***** Supplied material

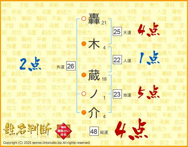 轟(21画)木(4画) 蔵(18画)ノ(1画)介(4画)
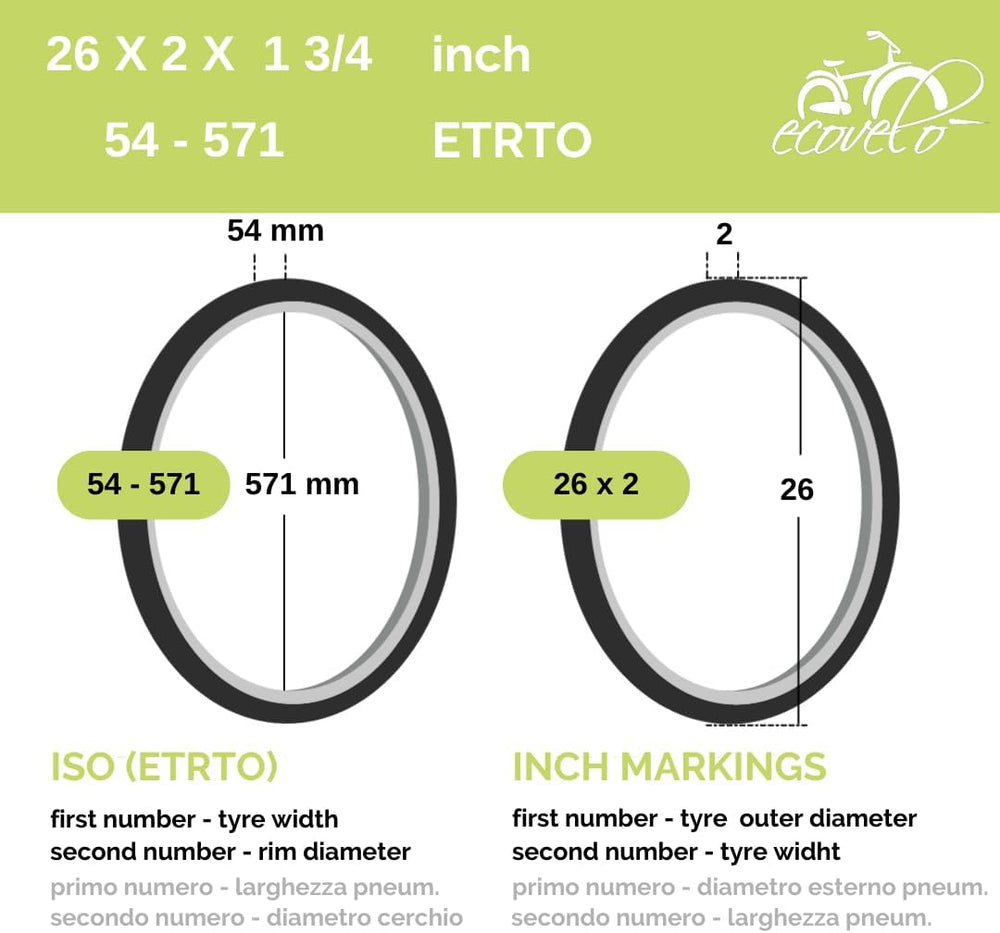 Ecovelò Unisex – Erwachsene 26 x 2,10 2 Reifen MTB 26 x 2.10 (54-559), Schwarz, Einheitsgrösse
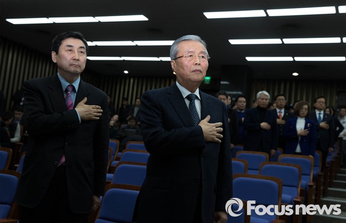 (서울=포커스뉴스) 더불어민주당이 필러버스터 중단을 예고한 1일 오후 이종걸 더민주 원내대표와 김종인 비대위 대표가 서울 여의도 국회에서 열린 의원총회에 참석, 국기에 대한 경례를 하고 있다.
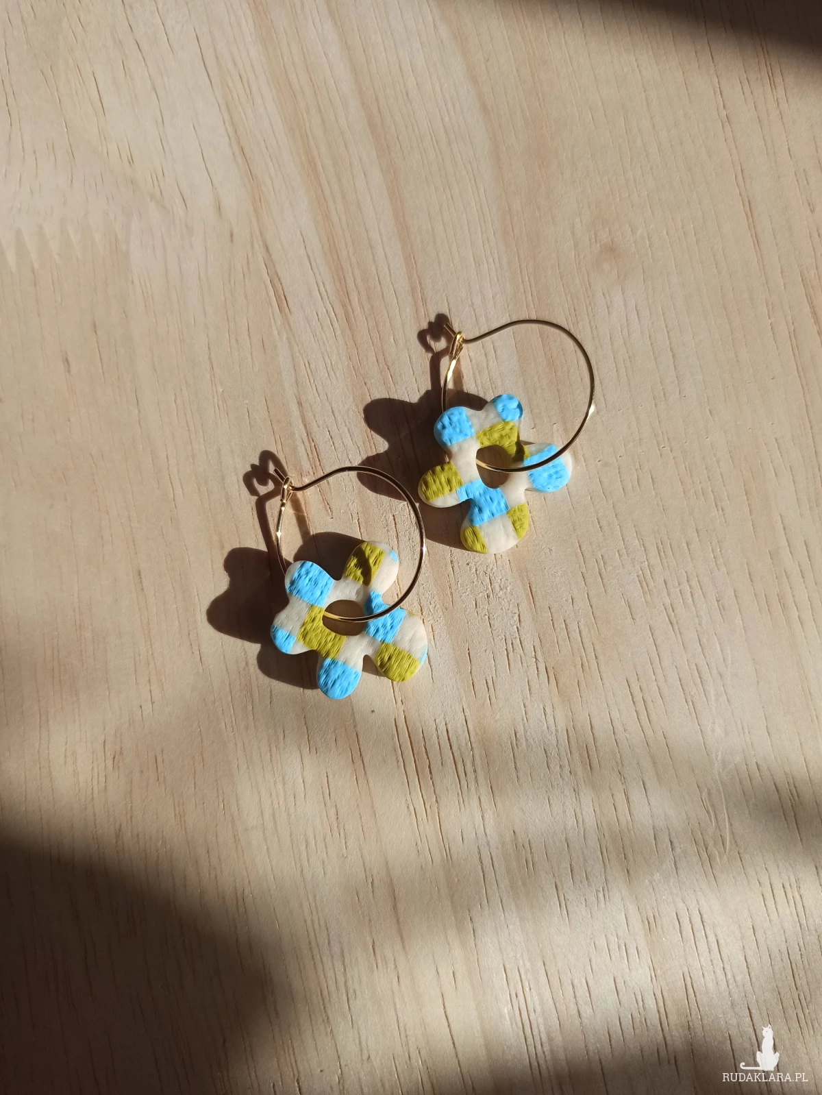 Kolczyki w kształcie organicznych kwiatków na kole w kolorową kratkę. Oliwkowy błękitny i ecru.
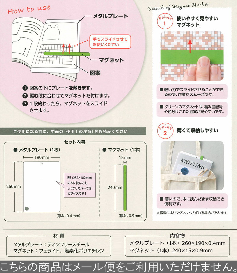図案確認のおともに!ピタッと付けてパッと分かる。『マグネットマーカー≪260×190mm≫』内容物:メタルプレート(1枚)260×190×0.4mm、マグネット(1本)240×15×0.9mm便利/クロバー/Clover/編み物/刺しゅう/
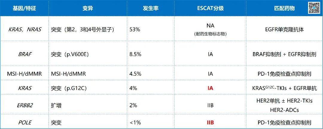▲ 晚期结直肠癌检测基因列表(ESCAT I/II级)
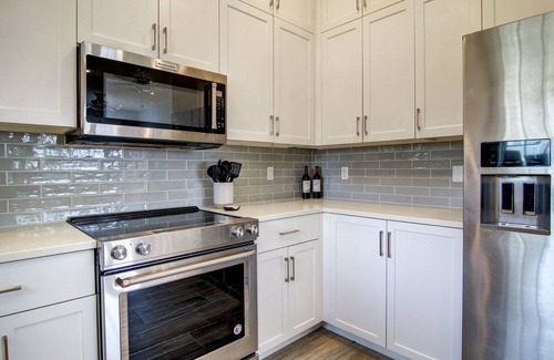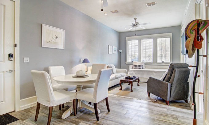 MAIN LIVING SPACE: The open-concept space combines kitchen, dining, and den, creating a comfortable place to return after beach or pool time. A beachy, all-white sofa faces a wall-mounted, flatscreen TV, while a daybed under the window offers room for guests to watch a movie or stay the night. A round dining table seats 4 for card games or a meal. The all-white kitchen features stainless appliances and has everything you need for prepping snacks, sunset cocktails, or a seafood supper.
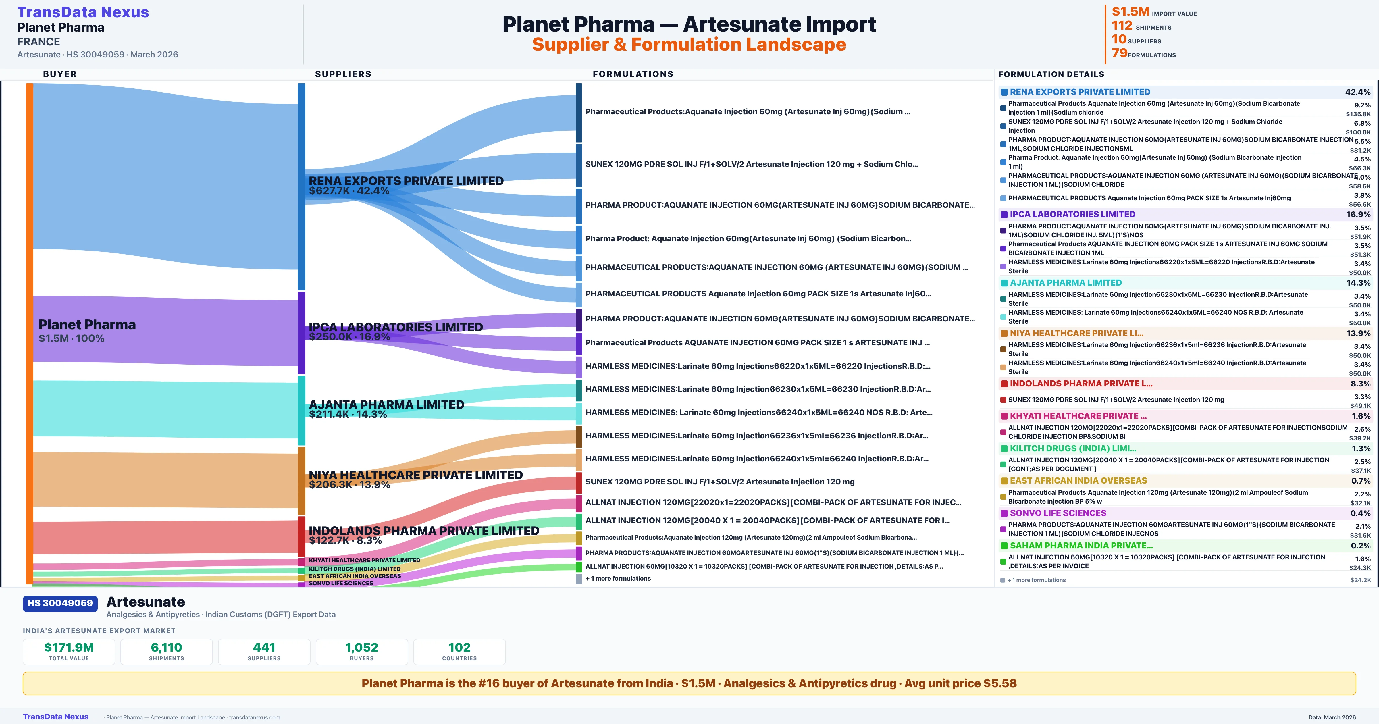 - 5.Verified Records: This page is backed by 112 individual customs records matching PLANET PHARMA importing Artesunate, covering 79 formulations from 10 verified suppliers.
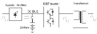 早期大中型UPS主回路結(jié)構(gòu)采用可控硅整流將輸入的交流電整為直流,電池直接掛在直流母線上,當(dāng)輸入市電正常時,靠整流可控硅的調(diào)節(jié)對電池充電,同時為GTR或IGBT結(jié)構(gòu)的橋式逆變器供電,逆變器將直流逆變?yōu)榻涣,最后?jīng)過輸出變壓器的升壓及濾波,提供純正的交流輸出。從其結(jié)構(gòu)中可以看出,從整流(從交流變?yōu)橹绷鳎┑侥孀儯ㄔ趶闹绷髯優(yōu)榻涣鳎┑倪^程中,每個環(huán)節(jié)都是將壓環(huán)節(jié):可控硅整流是為了提供恒定的直流電壓而采取的一種整流方式(可通過可控整流的導(dǎo)通角調(diào)整來適應(yīng)輸入電壓變化,確保輸入交流電壓變化時整流輸出直流電壓的恒定),由于可控硅整流只能斬掉一部分輸入電,所以其恒定輸出電壓的代價是將輸出電壓恒定在底于全波整流輸出電壓的某個數(shù)值上。而逆變環(huán)節(jié)同樣是一個降壓環(huán)節(jié),從可控整流輸入來的直流電在通過逆變器逆變出交流的過程中同樣采用的是斬波的做法,其結(jié)果同樣是輸出電壓等級的再次降低。正是由于上述的原因,在此種結(jié)構(gòu)的UPS中,必須在輸出測加入升壓變壓器,將逆變輸出的較低恒定電壓升致合理的輸出范圍,最終提供了恒定的220/380V輸出。

**********

§ **What is needed**
Find the line with "Ecovelò Unisex –" in the data above, and from there retype each line exactly through the line with "Kolczyki w kształcie", skipping the pictures along the way.

§ **Response box**
 Ecovelò Unisex – Erwachsene 26 x 2,10 2 Reifen MTB 26 x 2.10 (54-559), Schwarz, Einheitsgrösse
 (서울=포커스뉴스) 더불어민주당이 필러버스터 중단을 예고한 1일 오후 이종걸 더민주 원내대표와 김종인 비대위 대표가 서울 여의도 국회에서 열린 의원총회에 참석, 국기에 대한 경례를 하고 있다.
 Kolczyki w kształcie organicznych kwiatków na kole w kolorową kratkę. Oliwkowy błękitny i ecru.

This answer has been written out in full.